- Born: 1945 (age 80–81) Ōtaki, New Zealand
- Known for: Painting, music composition
- Movement: Surrealism

= Brent Wong =

New Zealand painter (born 1945)

Brent Wong (born 1945) is a New Zealand surrealist painter and music composer.

==Early life==
Wong was born in 1945 in Ōtaki, New Zealand. His family moved to Wellington in 1949, where he has subsequently lived. As a child, he had difficulty reading, which led him towards drawing as an alternative means of self-expression. He briefly studied at Wellington Polytechnic's School of Design in 1963 before dropping out, and in 1965 began working for the Dominion newspaper.

==Art career==
Wong claims artistic influence from Turner, Kandinsky, Klee, and Andrew Wyeth. He is famous for his surrealist land, sea, and cloudscapes along with entirely abstract works.
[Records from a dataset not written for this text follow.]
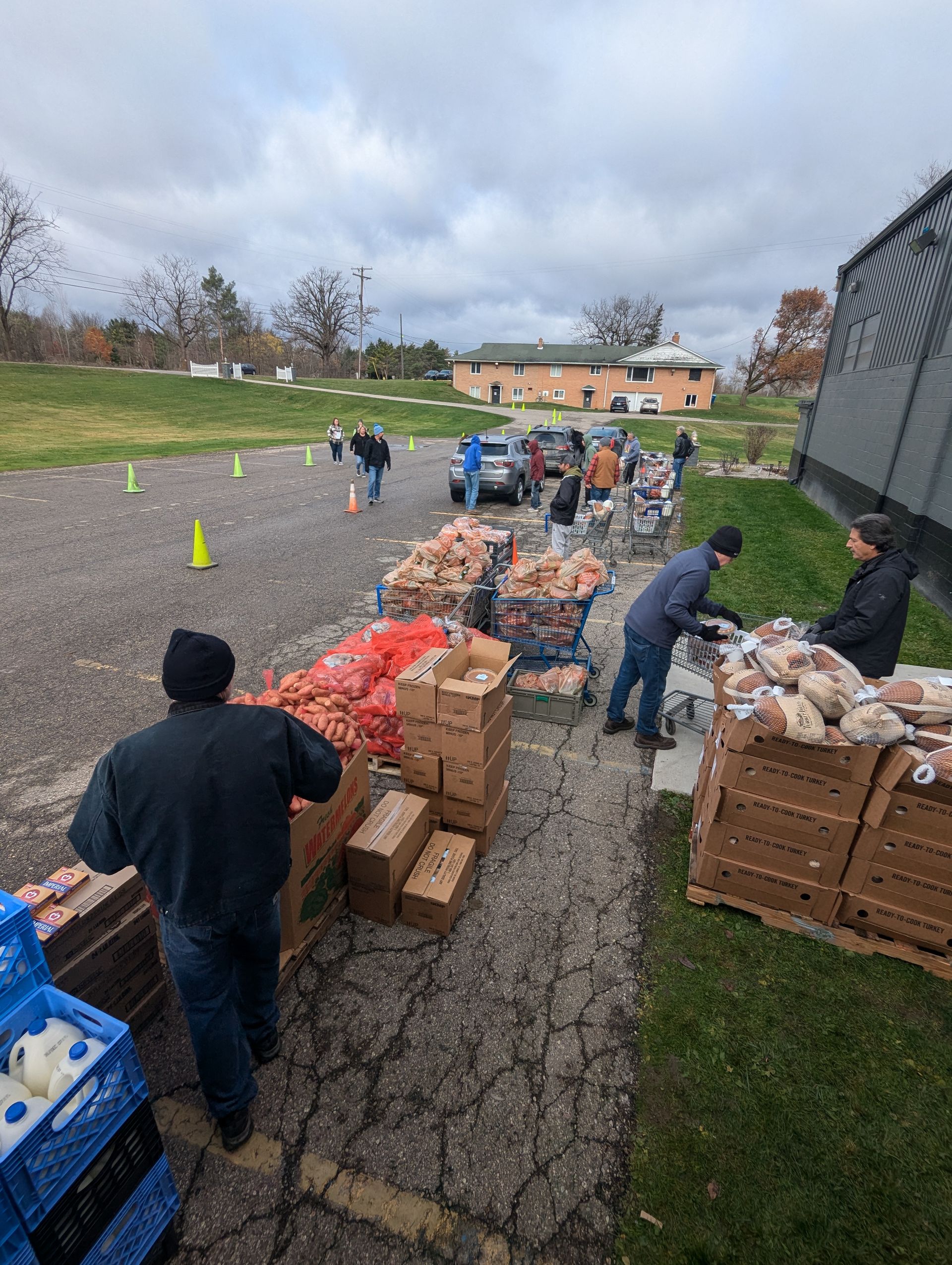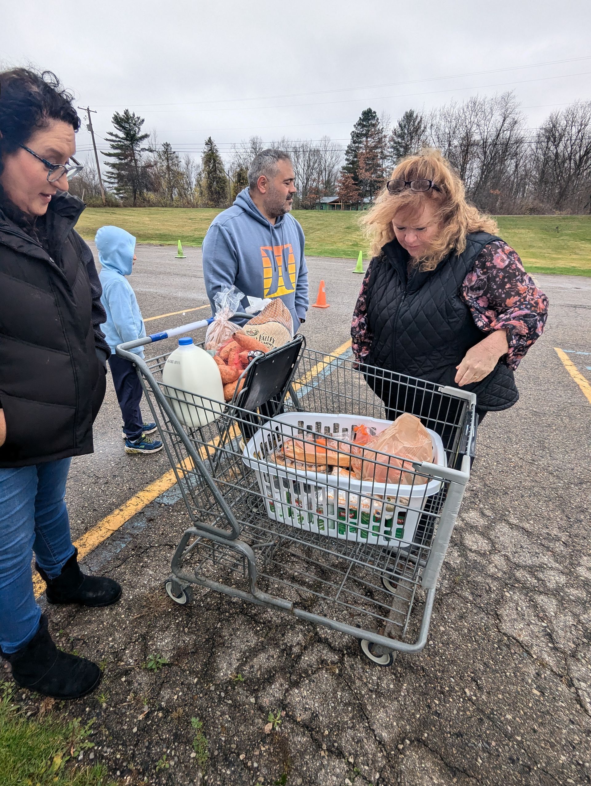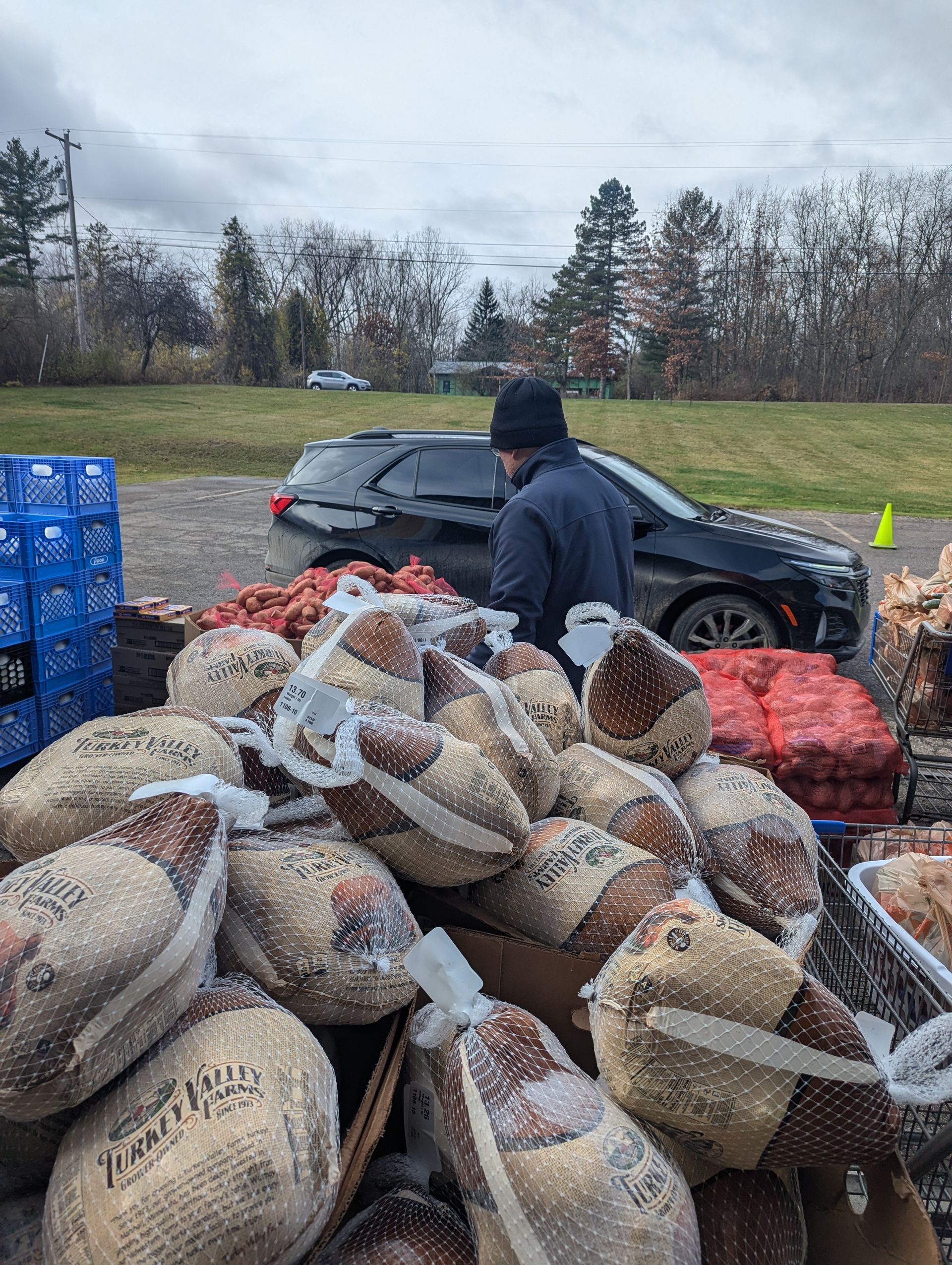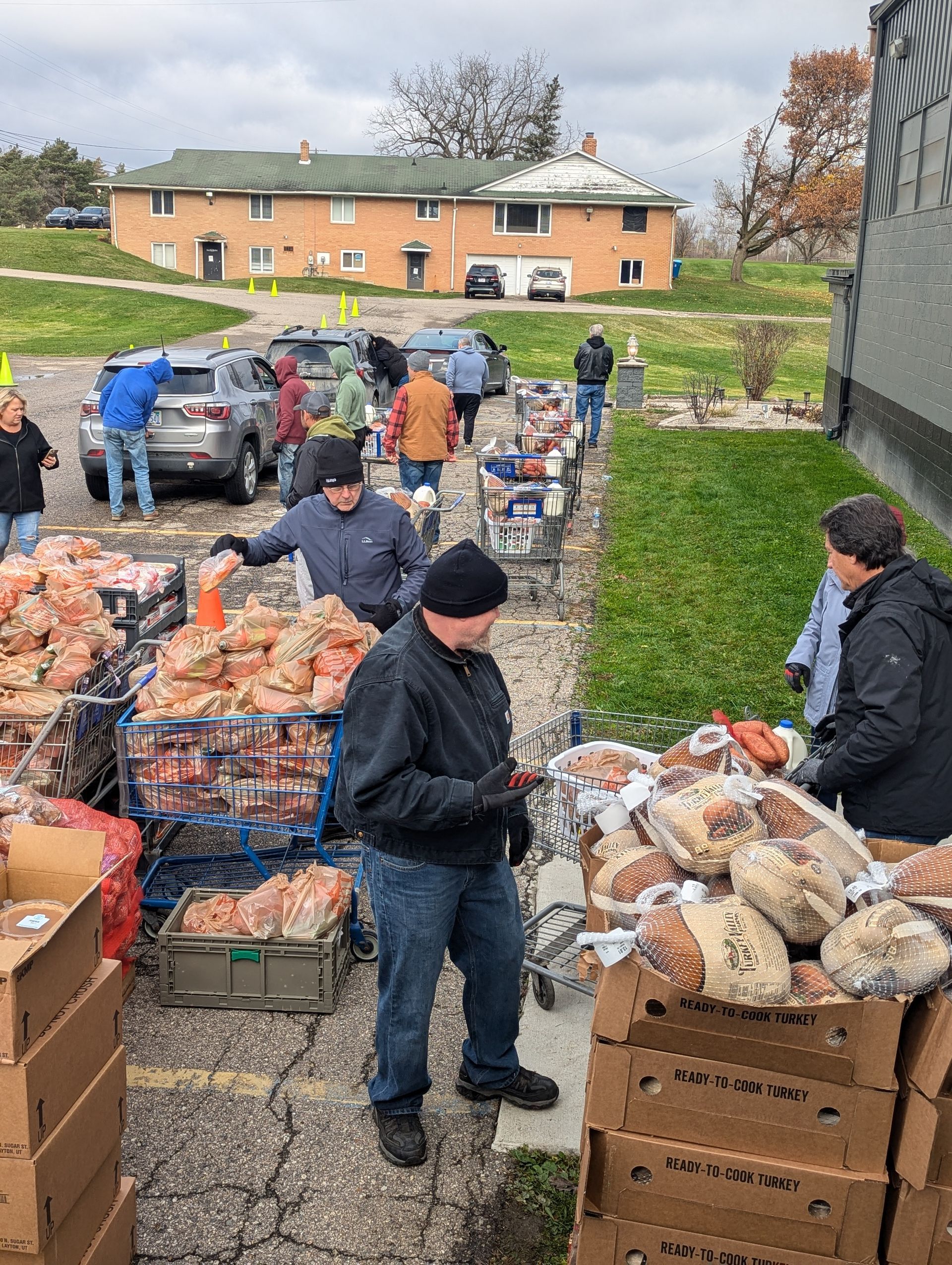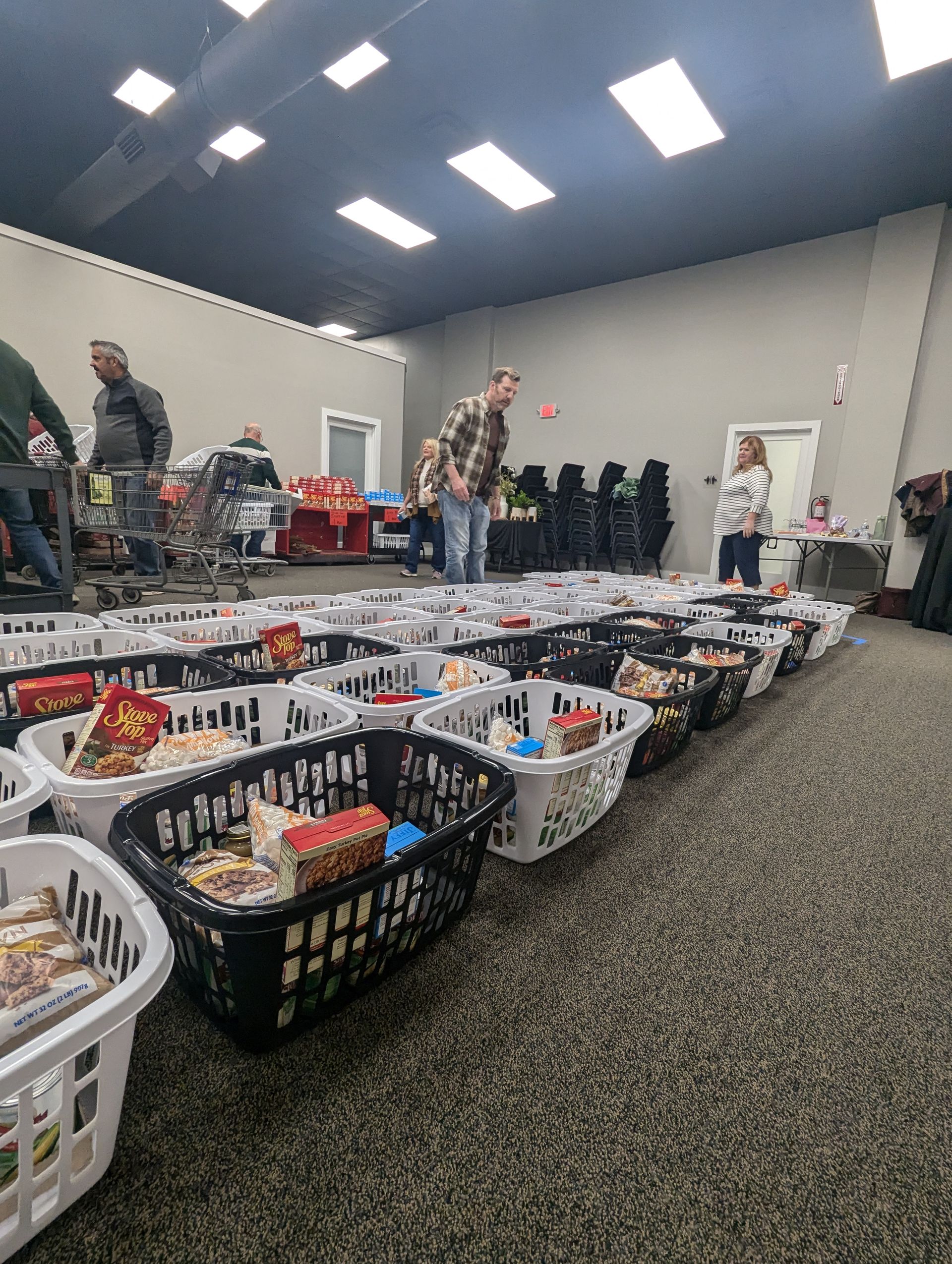 Over 300 families picked up baskets with a turkey and all the ingredients for a Thanksgiving meal. Dozens of individuals and businesses in the area made this event possible!
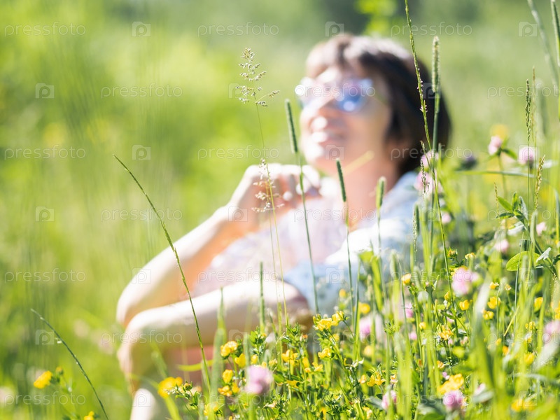 Размытый фон с женщиной в солнечных очках. Женщина наслаждается солнечным светом и цветочным ароматом на травяном поле. Летние вибрации. Расслабьтесь на свежем воздухе. самоуспокаивающий
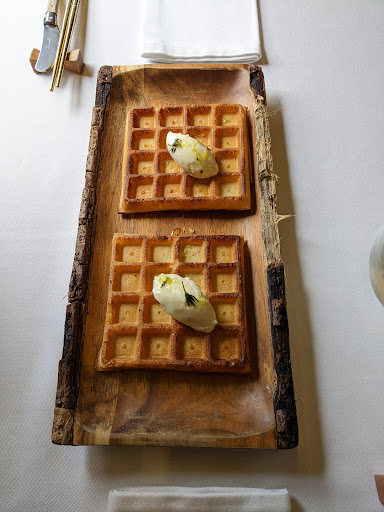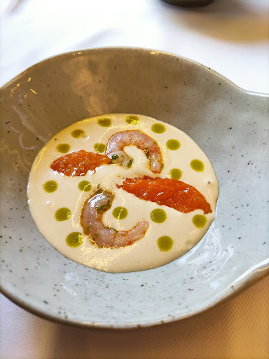 Read moreNunca me gusta dar menos de 4 estrellas, por que creo que es menospreciar el trabajo y esfuerzo de mucha gente. Se ve intención en la cocina de Héctor. Quiere hacer cosas y destacar, pero patina en varios aspectos. Quiere meter tanta complejidad en los platos, que se pierden los ingredientes. Es necesario que el paté de hígado de pato lleve café cuando ni se nota? La croqueta de leche de Colmenareña con pintada y setas escabechadas si me dices que no lleva ni setas ni pintada, te creo. El arroz, lo peor de toda la comida. Mal ejecutado, frío, con sabor a tomate crudo. Los postres muy buenos, muy buena técnica, texturas y contrastes. Camarera perdida, que nos contaba a nosotros unos platos y a los de la mesa de al lado, de otra forma. El chef también lo hacía, no hay homogeneidad en el servicio. Son rápidos y controlan muy bien los tiempos y temperaturas de los platos (excepto paella). La mazamorra, espectacular. El ramen muy bueno. El pargo, pasado de cocción, pero muy equilibrado. Al cordero le falta personalidad. Muy plano. Necesita algo más de punch, algo que te sorprenda. El gofre me estropeó la comida, ya que las hierbas me estuvieron repitiendo 4 horas.
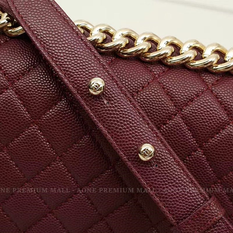 • 샤넬 미듐 캐비어 카프스킨 보이 플랩 백 -골드/버건디
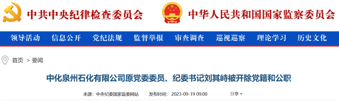 中央紀委國家監(jiān)委網站9月19日消息,據(jù)中國中化控股有限責任公司紀檢監(jiān)察組、福建省紀委監(jiān)委消息:日前,中國中化控股有限責任公司紀檢監(jiān)察組、福建省泉州市監(jiān)委對中化泉州石化有限公司原黨委委員、紀委書記劉其峙嚴重違紀違法問題進行了紀律審查和監(jiān)察調查。
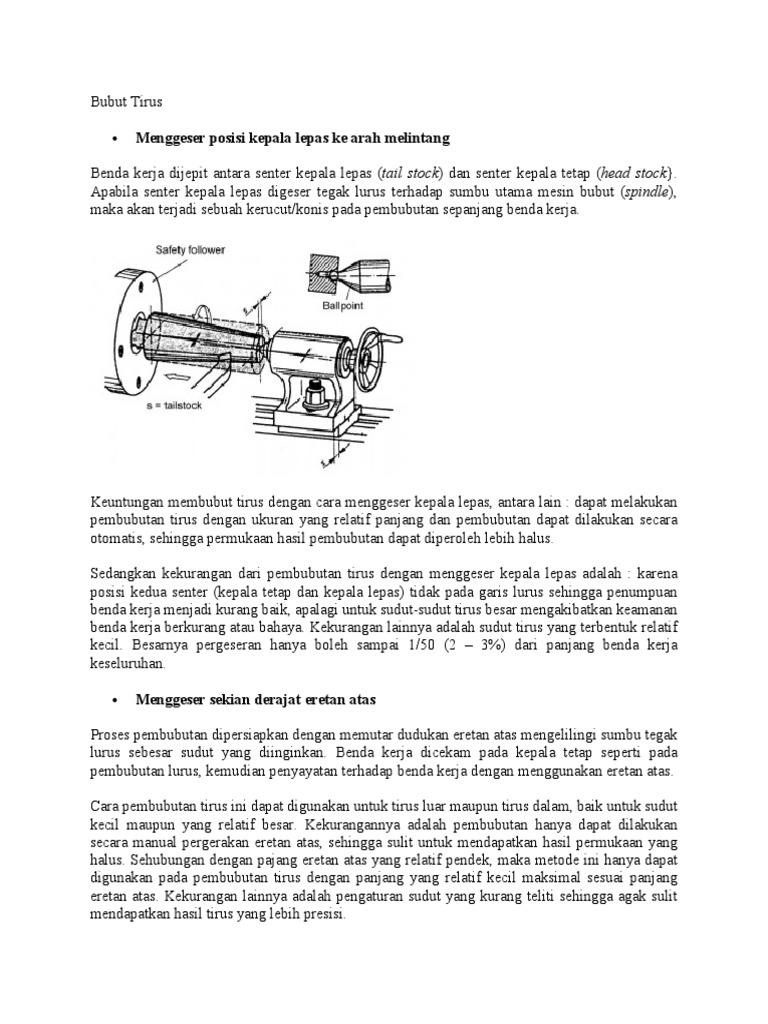 cara membubut tirus dengan menggeser kepala lepas
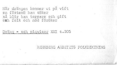 //// När drängen kommer ut på vift //// en fästemö han söker //// så blir han torpare och gift oEh folk och nöd föröker //// Dräng - och pigyisor XXI s * 305 //// REHNBERG ARBETETS FOLKDIKTNING //// « //// _____ ^^____^^ , ^ ...... ...fJ ////
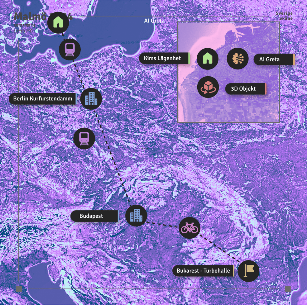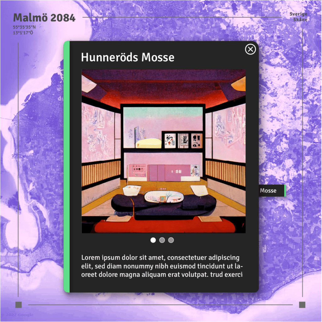 To Malmö museum’s exhibition 2084 – Kim’s World, me and the team were tasked with developing materials in the form of GUIs and illustrations made by AI for 8 different chapters and 30 screens.
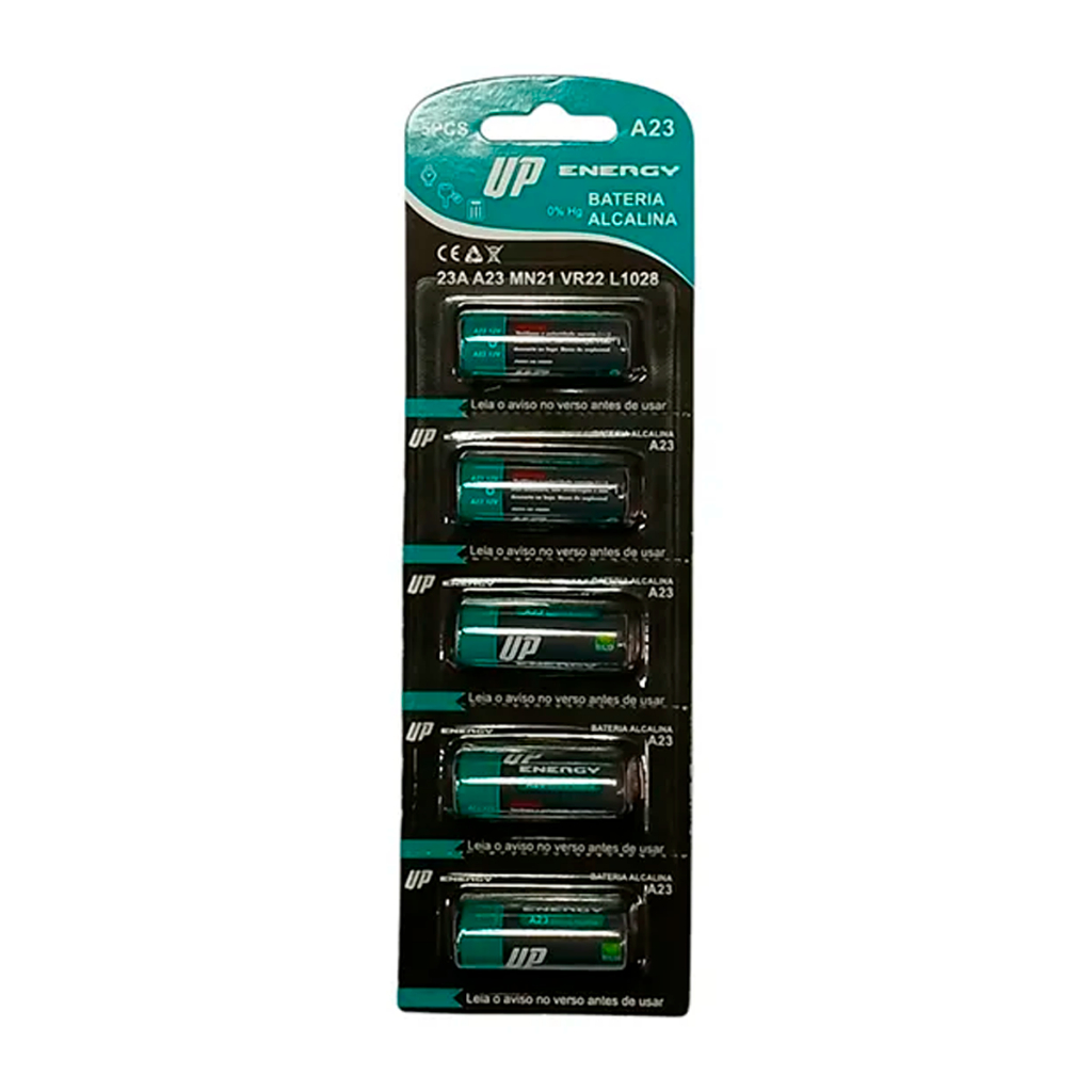 Kit 5 Bateria Mini Alcalina A23 12V Up Energy Compatível com Controle de Portão 3c Nice Peccinin

Wong first exhibited his paintings in 1967 at the New Zealand Academy of Fine Arts and his first solo exhibition was in 1969 at the Rothmans Gallery in Wellington, where he presented 12 paintings. The solo exhibition "excited extravagant critical attention: and overnight established the previously unknown Brent Wong as an important painter in the local context."

He quit painting in 2008 to pursue musical composition. In 2026, there was an exhibition of his paintings at Toi Mahara.